Perhaps that's the Mt Everest that Dr Levy feels he has to confront, the ultimate knighthood-earning challenge he has to take on before he can have a lie-down.
Looking at his CV, you'd be forgiven for diagnosing a case of adult ADD. He has so many jobs on the go that were he to look the wrong way and be run over by one of his own trains, the unemployment statistics would suddenly dip as his tasks were shared about.
Co-director of the NZ Leadership Institute, chairman of both the Auckland and Waitemata District Health Boards, chairman of international engineering and environmental consultancy Tonkin and Taylor, deputy chairman of Health Benefits Ltd, teacher, author, celebrity speaker ... it exhausts me just typing the list.
So, will he make my bus run on time?
Scrabbling through old clippings I stumbled upon an encouraging quote in a Listener interview on the eve of his taking control at South Auckland back in 1993.
"I worship the patients." Rule One at Tauranga was the patient is always right. "It doesn't matter how drunk they are, how obnoxious they are, how much they're vomiting. This is a service industry and we need to serve them."
Luckily, there's not a lot of vomiting on the 005 from Pt Chevalier, but neither is there much evidence of patients - sorry passengers - being worshipped either. So if Dr Levy could instil this Rule One into the AT theology, that would be a great start.
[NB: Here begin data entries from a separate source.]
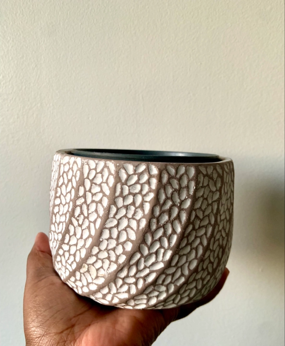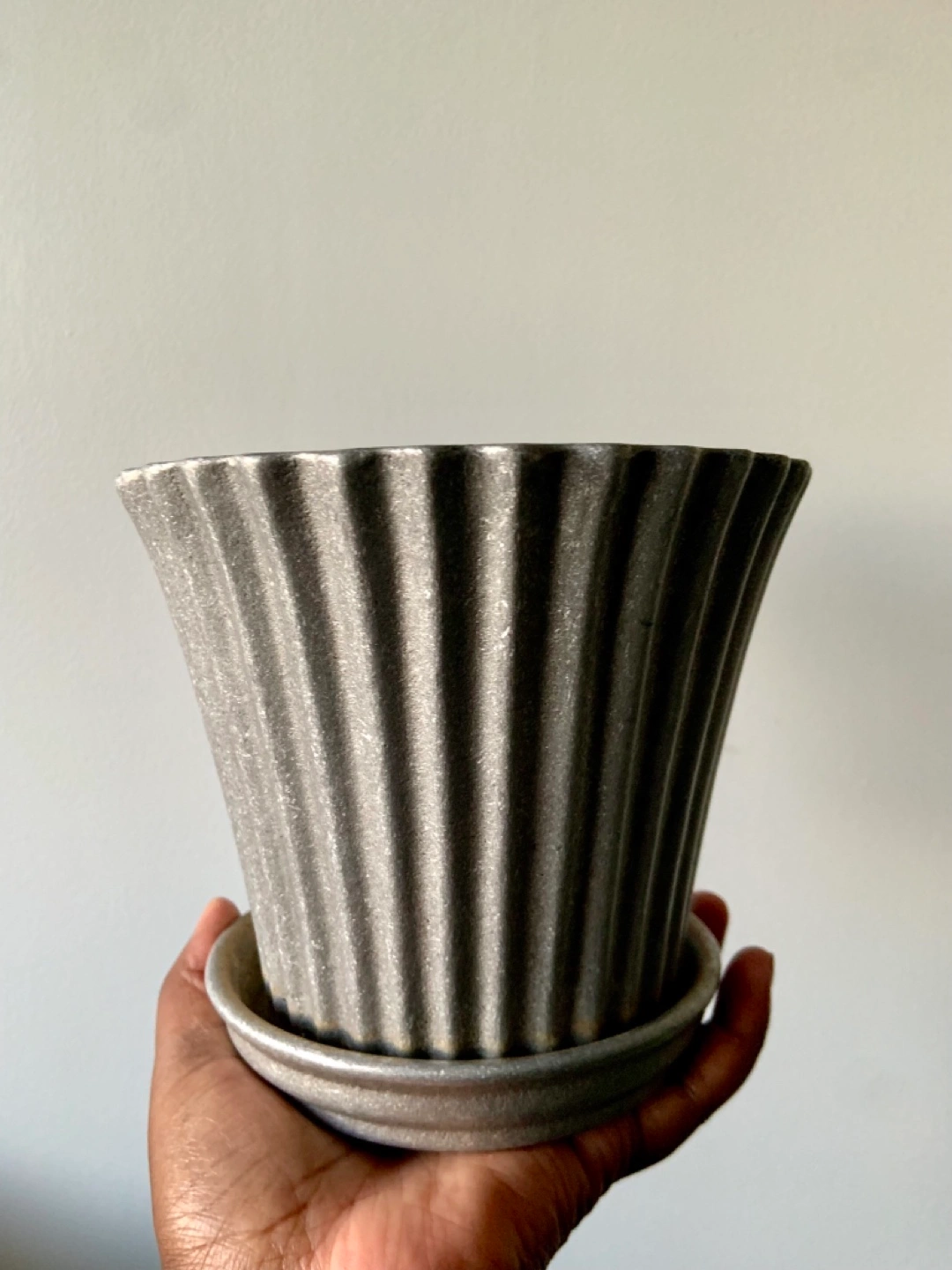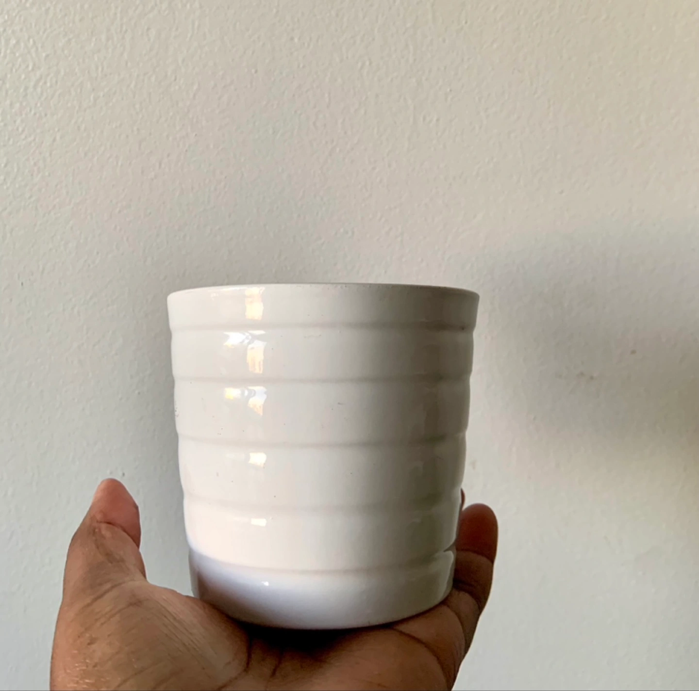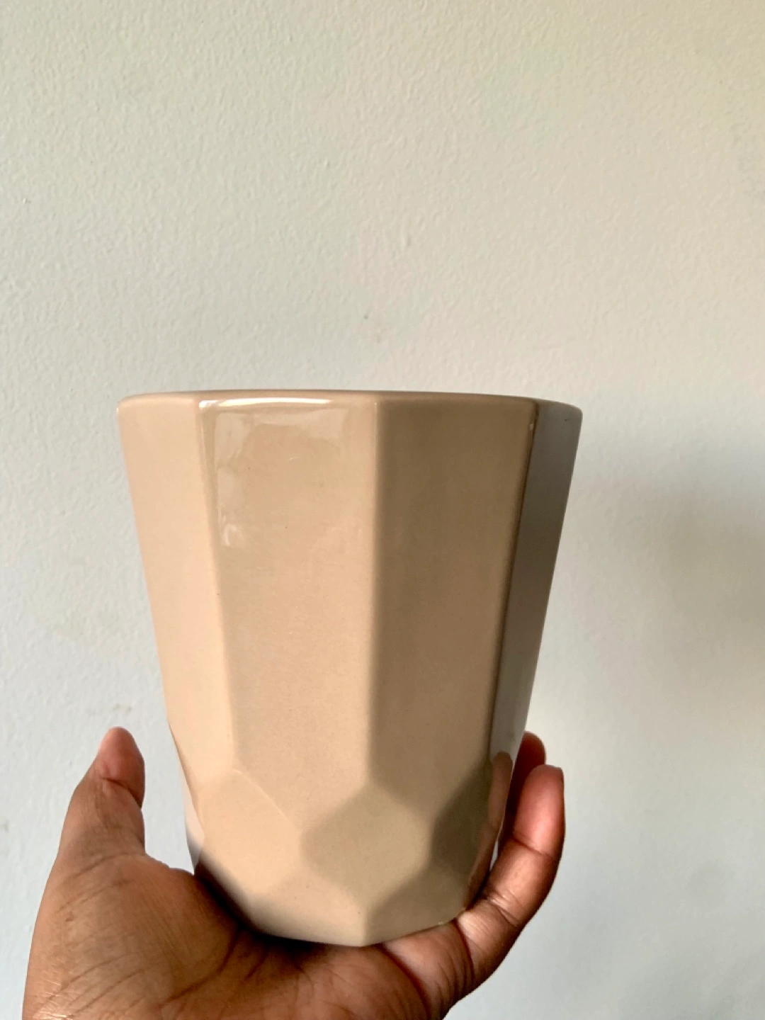 Six ceramic planters. Various colours and patterns. Includes saucers for some. Perfect for indoor plants.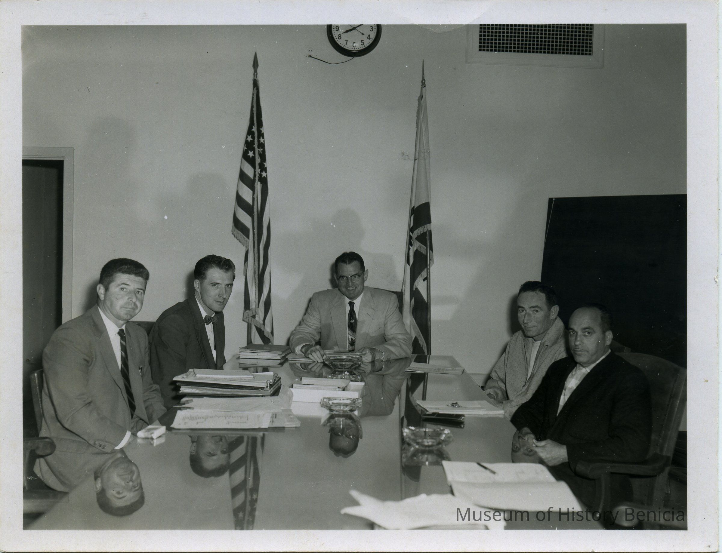 Black and white photo of five men seated around table in room with flags (identified as 1956 city council). L/R: Ray Duval, ____ Cabel, Ed Koenig, ________, Jim Lemos. "Lenoir Miller Collection" stamped on back.Collection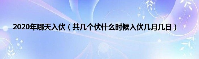 大家好,综合小编来为大家讲解下。2020年哪天入伏,共几个伏什么时候入伏几月几日这个很多人还不知道,现在让我们一起来看看吧!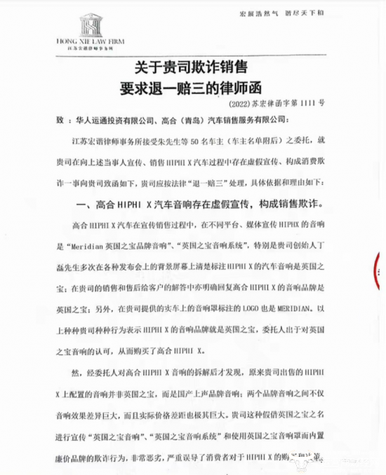 此外,运营商财经网注意到,高合HiPhi X曾被50名车主集体起诉销售欺诈。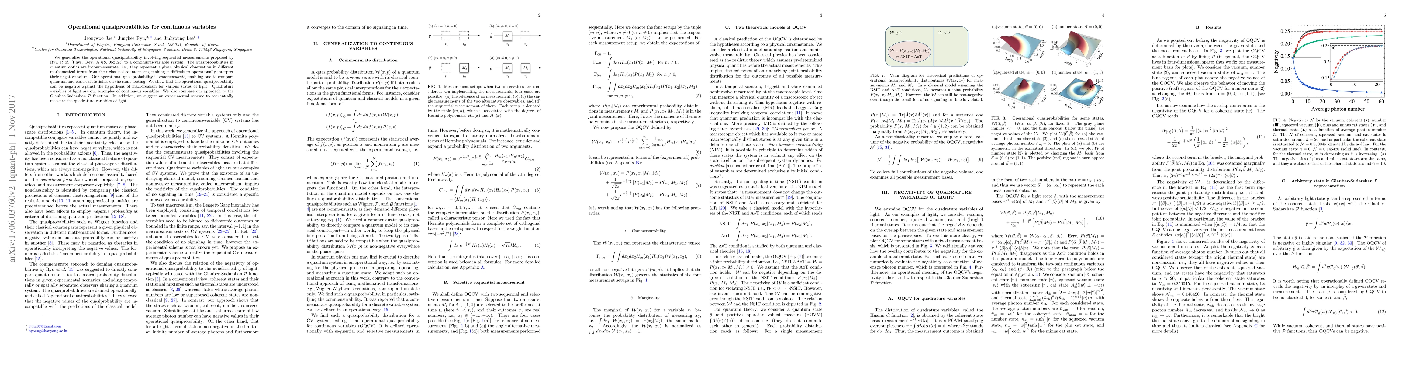 This paper generalizes operational quasiprobabilities for continuous variables, making them commensurate for easier comparison with classical statistics. The authors propose an experimental scheme for measuring quadrature variables and demonstrate that their operational quasiprobability can be negative, challenging macrorealism.
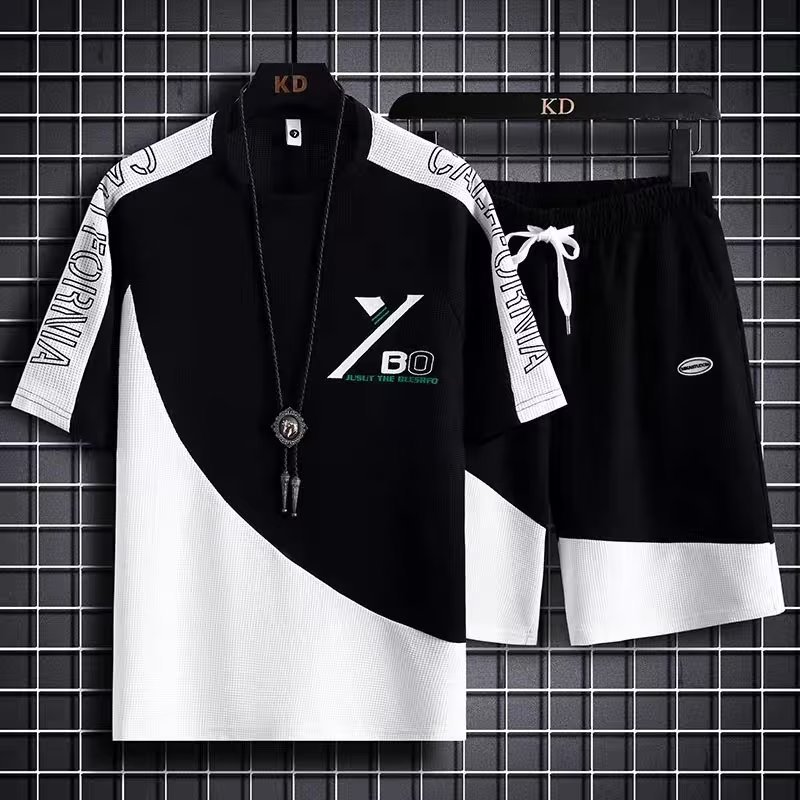 와플 캐주얼 세트 남자 여름 청소년 플러스 사이즈 남자 스포츠 반팔 반바지 1/2 개 세트

As he's been appointed by a mayor committed to refocusing Auckland's transport system towards public transport, my first recommendation would be for Dr Levy to have his car immobilised for a month, and to live the problem for a mind-changing period. Travel from his Mission Bay home to Auckland Transport HQ at Henderson by public transport. Make his fellow board members and senior managers do likewise.
No doubt they'll plead they're too busy, but that's why they should do it - to experience what the people making more than 70 million trips a year on AT's public transport network have to endure. We're busy people, too.
Stuck in traffic in a badly lit, badly ventilated bus, or waiting wanly at a train station, they might see the industry they run through the eyes of the long-suffering user.
Not only might they realise the 99.9 per cent bus regularity figures they tick off at each board meeting are pure fiction, they might appreciate the need for more bus lanes, more bus shelters ... need I go on?
In June, when his departure as chairman of AT was announced, Mr Ford said the highlights as inaugural chairman of the city's new transport conglomerate included not just successfully completing the amalgamation, but signing the contract for the fleet of new electric trains, the eastern suburbs AMETI project and "presiding over the highest growth in public transport use for over half a century". Perhaps wisely, he left out the troubled integrated ticketing programme.
With the council-owned entity now up and running, it's Dr Levy's Everest to conquer. Me, I'd be delighted if he concentrated on the passenger worship.